Source data »
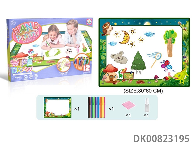 Children’s tapestry 80 * 60cm (paintable and erasable, 12 color pen, wipes and spray bottle)
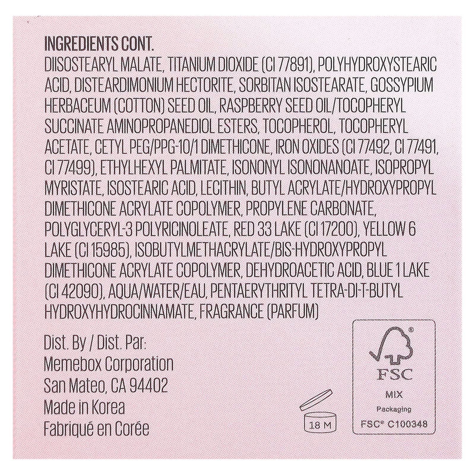 диметикон, диметикон/винил диметикон кроссполимер, изододекан, диметикон кроссполимер, полиглицерил-2 триизостеарат, диизостеарил малат, диоксид титана (CI 77891), полигидроксистеариновая кислота, дистеардимония гекторит, сорбитан изостеарат, семена хлопка (gossypium herbaceum), масло, масло семян малины, токоферил сукцинат аминопропандиоловые эфиры, токоферол, токоферилацетат, цетил ПЭГ/ППГ-10/1 диметикон, оксиды железа (CI 77492, CI 77491, CI 77499), этилгексил пальмитат, изононил изононаноат, изопропил диметикон акрилат сополимер, пропиленкарбонат, полиглицерил-3-полирицинолеат, краситель красный 33 лак (CI 17200), краситель желтый 6 лак (CI 15985), изобутилметакрилат/бис-гидроксипропил диметикон акрилат сополимер, дегидроуксусная кислота, краситель синий 1 лак (CI 42090), вода, пентаэритритил тетра-ди-трет-бутил гидроксигидроциннамат, отдушка.
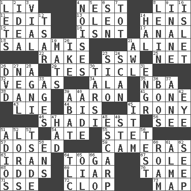 ACROSS 1. 54 in ancient Rome 4. A home for chicks 8. Cards in a Roman deck? 11. Prepare for publication 13. Margarine 14. Coop moms 15. Beverages made from leaves 16. Is not 17. Of or related to the anus 18. Deli grouping 21. Place in a line 22. Immoral or dissolute person 23. Compass dir. 25. Fish or hair follower 26. Heredity factor (abbr.) 29. A testis 32. Viva Las _ 34. According to 35. Basketball assoc. 38. Mild oath, euphamism for damn 39. Composer Copland 41. Went 43. Falsehood 44. Again 45. Literary sarcasm 46. Most dubious of character or honesty 50. Observe 51. Keyboard modifier key 54. Had dinner 55. Proofreading order 57. Administered medicine 59. Devices for capturing images 63. SW Asia republic 64. Ancient Roman robe 67. Flatfish 68. Probability 69. One who doesn't tell the truth 70. Docile 71. Compass dir. 72. Hoof sound 73. Atlas unit DOWN 1. Allows 2. The content of cognition 3. Small bottle 4. Annoying sounds 5. Raised railways 6. Elected rep. 7. Small child 8. Soviet premier 1918-24 9. Empty; void 10. Small island 12. Russian ruler of old 14. Actor Linden 19. Floor coverings 20. D.D.E's nickname 21. Leather borer 23. Grain storage tower 24. Examine hastily 26. Movie disc 27. Be tempered by heat 28. Hindu god of fire 30. Tarsus (plural) 31. Engineer (abbr.) 33. Ripens 36. Scornful sounds 37. Queen of England 1702-14 39. Blind as ____ 40. Assistant 42. Sight organ 45. A distinct part 47. Possessed 48. Fortification 49. R.R. building 51. Goodbye (Sp.) 52. Titled peers of a realm 53. Sadhe (variant) 56. Trial 58. Followers of ems 60. Wander aimlessly 61. _ mater 62. Ooze 64. Affectionate concern, for short 65. Petroleum 66. E Mali city

Aim of the task »
The output should be the material above, copied exactly, without its pictures.

Task output »
 Children’s tapestry 80 * 60cm (paintable and erasable, 12 color pen, wipes and spray bottle)
 диметикон, диметикон/винил диметикон кроссполимер, изододекан, диметикон кроссполимер, полиглицерил-2 триизостеарат, диизостеарил малат, диоксид титана (CI 77891), полигидроксистеариновая кислота, дистеардимония гекторит, сорбитан изостеарат, семена хлопка (gossypium herbaceum), масло, масло семян малины, токоферил сукцинат аминопропандиоловые эфиры, токоферол, токоферилацетат, цетил ПЭГ/ППГ-10/1 диметикон, оксиды железа (CI 77492, CI 77491, CI 77499), этилгексил пальмитат, изононил изононаноат, изопропил диметикон акрилат сополимер, пропиленкарбонат, полиглицерил-3-полирицинолеат, краситель красный 33 лак (CI 17200), краситель желтый 6 лак (CI 15985), изобутилметакрилат/бис-гидроксипропил диметикон акрилат сополимер, дегидроуксусная кислота, краситель синий 1 лак (CI 42090), вода, пентаэритритил тетра-ди-трет-бутил гидроксигидроциннамат, отдушка.
 ACROSS 1. 54 in ancient Rome 4. A home for chicks 8. Cards in a Roman deck? 11. Prepare for publication 13. Margarine 14. Coop moms 15. Beverages made from leaves 16. Is not 17. Of or related to the anus 18. Deli grouping 21. Place in a line 22. Immoral or dissolute person 23. Compass dir. 25. Fish or hair follower 26. Heredity factor (abbr.) 29. A testis 32. Viva Las _ 34. According to 35. Basketball assoc. 38. Mild oath, euphamism for damn 39. Composer Copland 41. Went 43. Falsehood 44. Again 45. Literary sarcasm 46. Most dubious of character or honesty 50. Observe 51. Keyboard modifier key 54. Had dinner 55. Proofreading order 57. Administered medicine 59. Devices for capturing images 63. SW Asia republic 64. Ancient Roman robe 67. Flatfish 68. Probability 69. One who doesn't tell the truth 70. Docile 71. Compass dir. 72. Hoof sound 73. Atlas unit DOWN 1. Allows 2. The content of cognition 3. Small bottle 4. Annoying sounds 5. Raised railways 6. Elected rep. 7. Small child 8. Soviet premier 1918-24 9. Empty; void 10. Small island 12. Russian ruler of old 14. Actor Linden 19. Floor coverings 20. D.D.E's nickname 21. Leather borer 23. Grain storage tower 24. Examine hastily 26. Movie disc 27. Be tempered by heat 28. Hindu god of fire 30. Tarsus (plural) 31. Engineer (abbr.) 33. Ripens 36. Scornful sounds 37. Queen of England 1702-14 39. Blind as ____ 40. Assistant 42. Sight organ 45. A distinct part 47. Possessed 48. Fortification 49. R.R. building 51. Goodbye (Sp.) 52. Titled peers of a realm 53. Sadhe (variant) 56. Trial 58. Followers of ems 60. Wander aimlessly 61. _ mater 62. Ooze 64. Affectionate concern, for short 65. Petroleum 66. E Mali city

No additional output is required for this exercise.